Unfortunately, starting in 2021 that relationship abruptly shifted. A sharp and abrupt rise in inflation turned bonds from a risk mitigant to a risk accelerator. However, that dynamic may be in the process of changing, suggesting that bonds may once again start to provide some portfolio diversification.

Inflation elevated, but less volatile

As I’ve discussed in previous blogs, shifting stock/bond correlations marked a paradigm shift relative to the 2000-2020 period. What changed? Inflation. The re-emergence of inflation fundamentally shifted stock/bond correlations as higher prices became as much of a risk to markets as slowing growth.
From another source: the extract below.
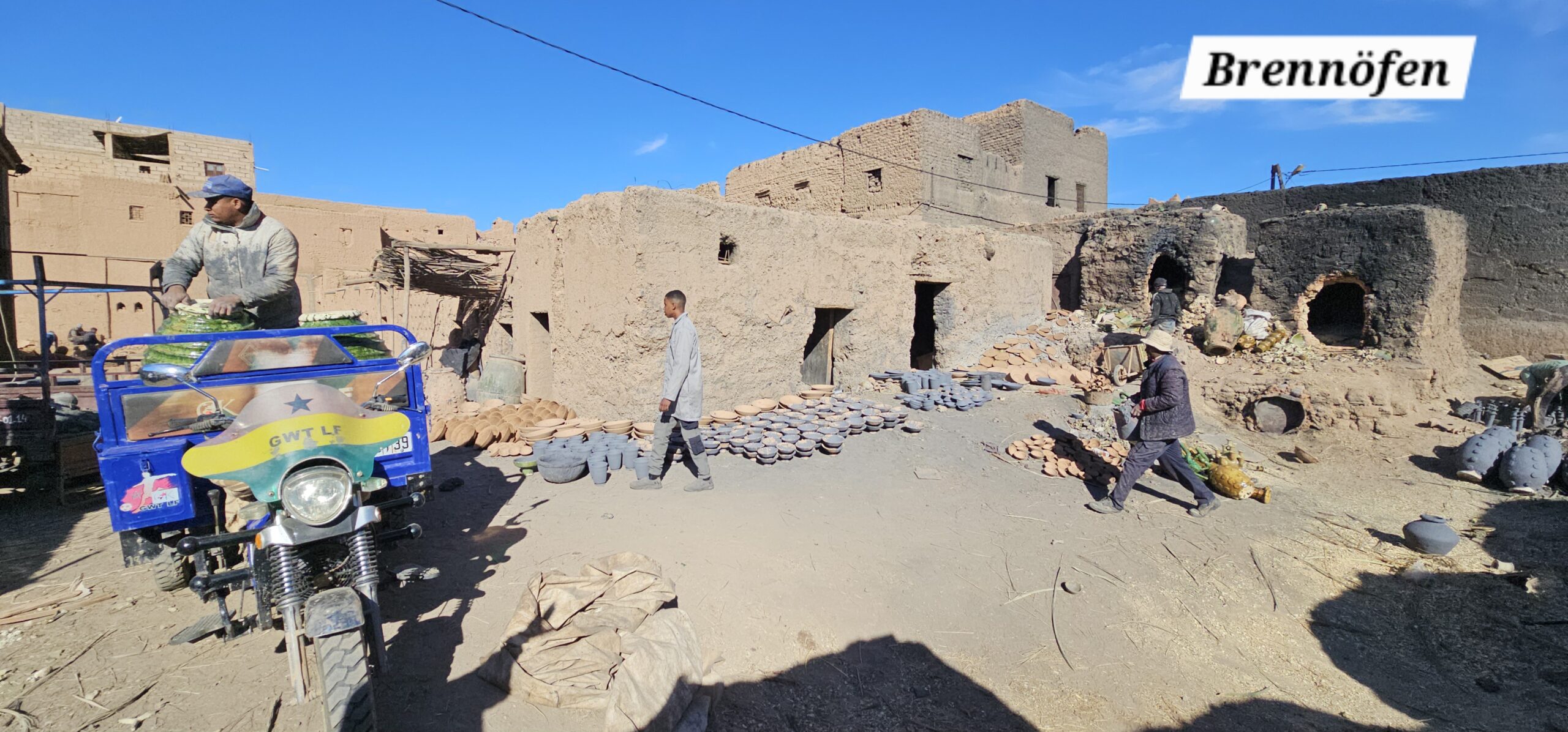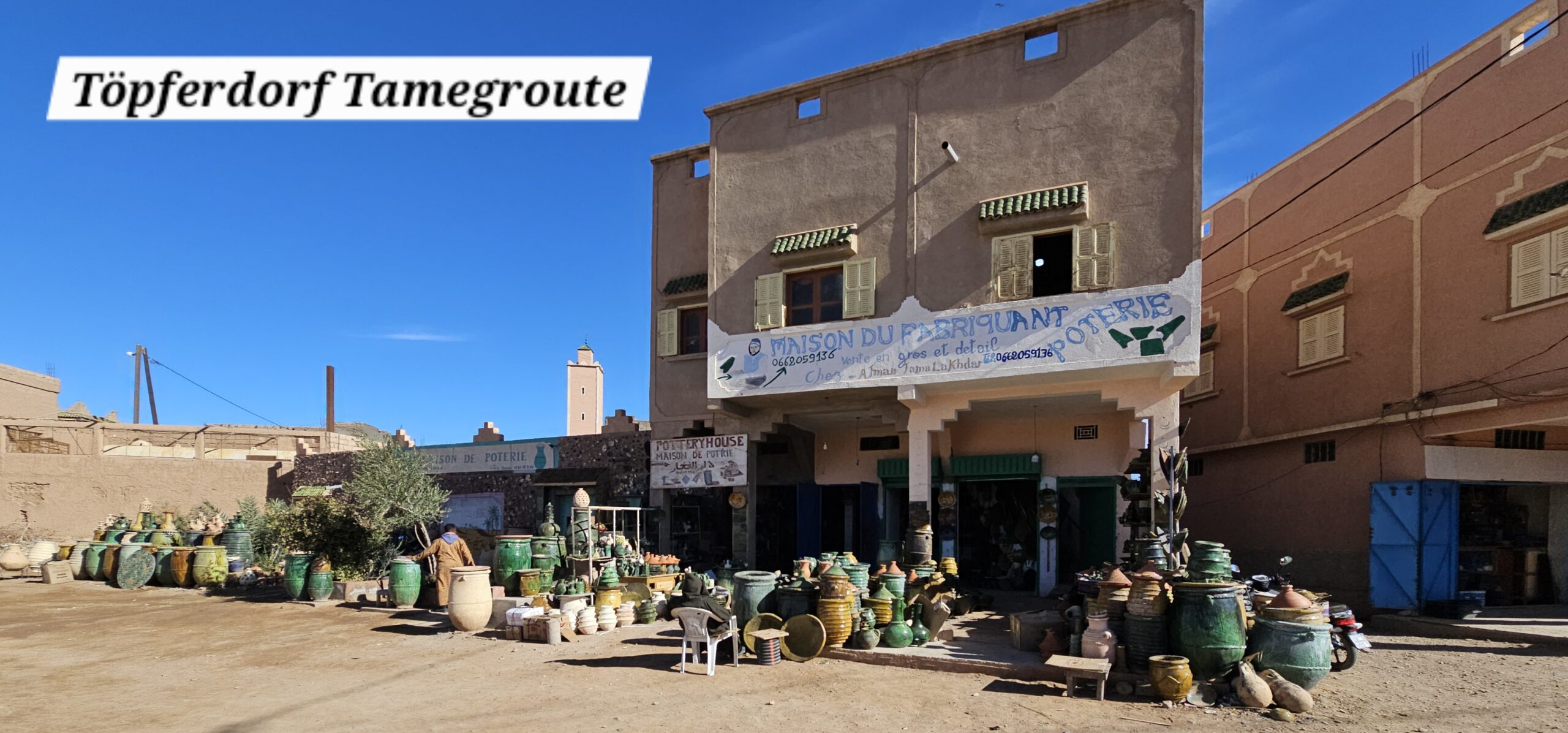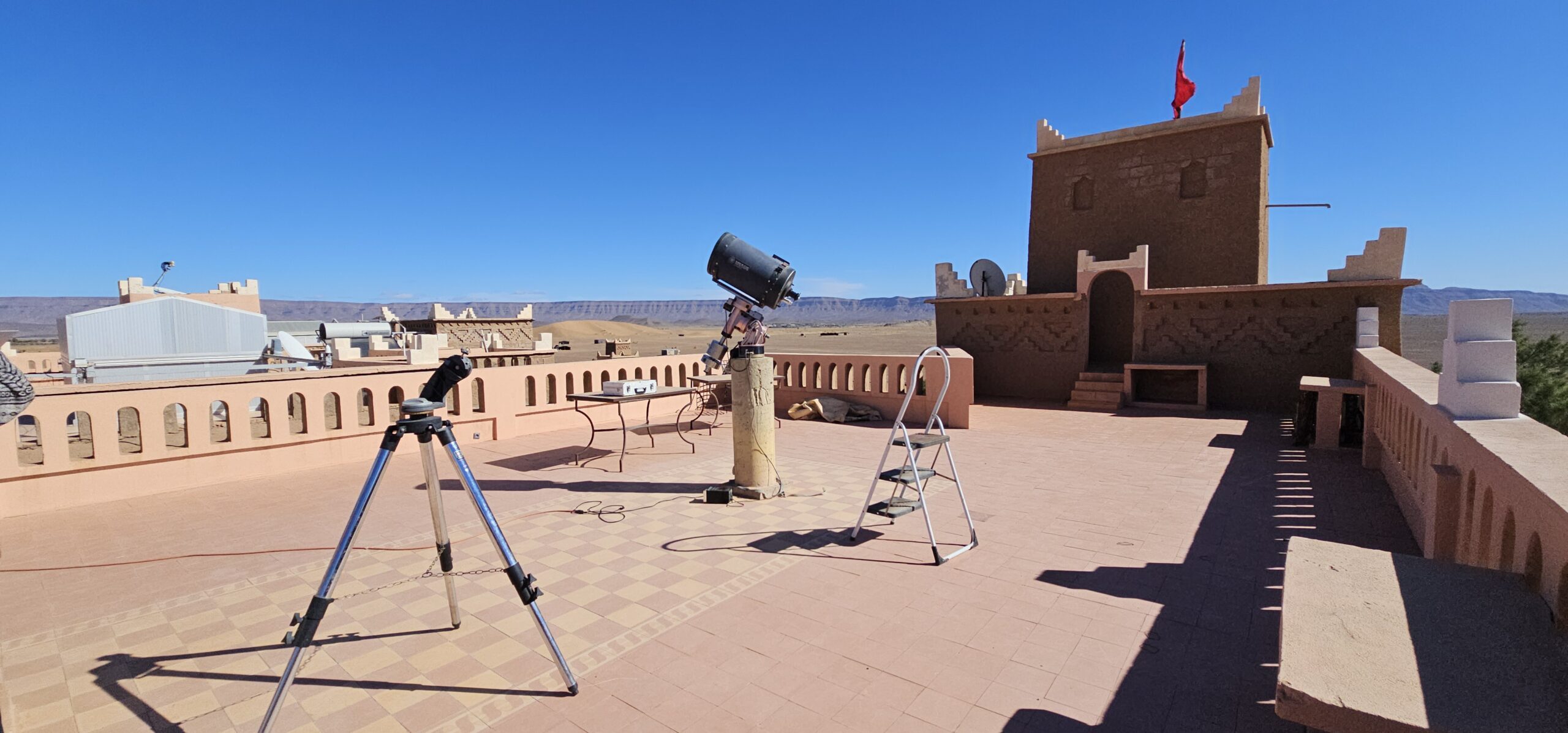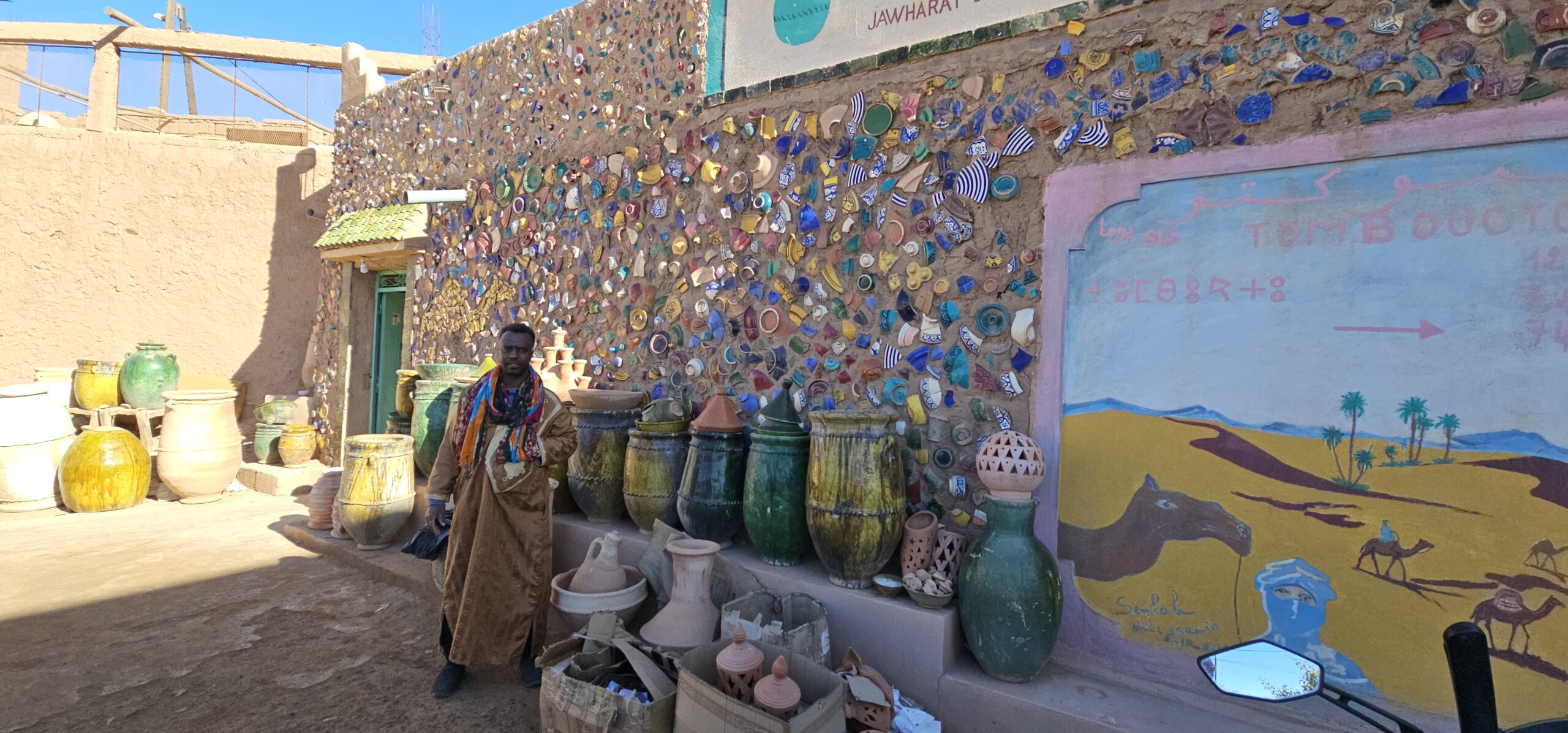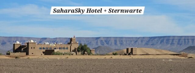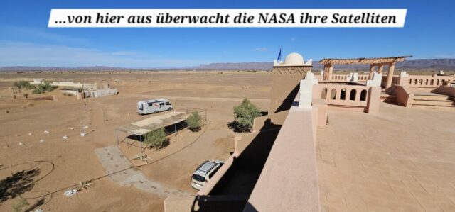 Schon bald bin ich in dem Töpferdorf Tamegroute. Bei einer Besichtigung sehe ich, wie der Lehm mit den Füßen gestampft wird, dann mit einer sehr einfachen Töpferscheibe die Stücke geformt werden. Danach bleiben sie 24 Stunden im Schatten und kommen dann in einen Brennofen, welcher mit Palmblättern, Sägespäne und Akazienholz aufgeheizt wird. Überwiegend gibt es nur grüne Produkte, welche aus einem hier vorkommenden Material gewonnen wird. Dann der übliche Gang durch die Verkaufsräume. Eigentlich wollte ich nichts kaufen, dann aber gefällt mir doch was und das Feilschen beginnt. Wir sind schlussendlich beide zufrieden und ich fahre weiter nach Tinfou zum SaharaSky Hotel, welches von einem Deutschen, Fritz Kornig, gebaut und geführt wird. Seine marokkanische Frau bringt mich gleich zu ihm persönlich auf der Terrasse und wir führen ein sehr interessantes und freundliches Gespräch. Dann kommt auch noch der belgische Senior Astronom Patrick Innocent sowie ein deutscher Astro-Fotograf hinzu, von welchem ich schon online fantastische Aufnahmen gesehen habe. Sehr interessante Gespräche und eine Atmosphäre, als ob wir uns schon lange kennen würden. Danach besichtigen wir die Dachterrasse wo einige Teleskope stehen. Von hier aus überwacht die NASA ihre Satelliten. Ferngesteuert werden jede Nacht die Abdeckungen aufgemacht und von den USA aus alles gecheckt. Wenn Änderungen von Einstellungen erforderlich sind, wird dies vom Astronomen vor Ort erledigt. Sehr spannend und interessant.

Today, while inflation remains above the Fed’s 2% target, it has slowed dramatically, with most measures of core inflation running between 2.5% and 3.0%. This moderation has led to some mean reversion in stock/bond correlations. For much of the past two years, stocks and bonds have traded with a correlation close to zero, suggesting no statistically significant pattern in how they trade relative to each other. Most recently the correlation has reverted to slightly negative (see Chart 1).

Correlation of bond and equity returns

Correlation of bond and equity returns (1-year rolling)

What may be changing? Inflation remains elevated but is becoming less volatile. Historically, this has been important for how stocks and bonds trade. In other words, it is not just the level of inflation that influences investor behavior but also the stability, or lack thereof, of inflation.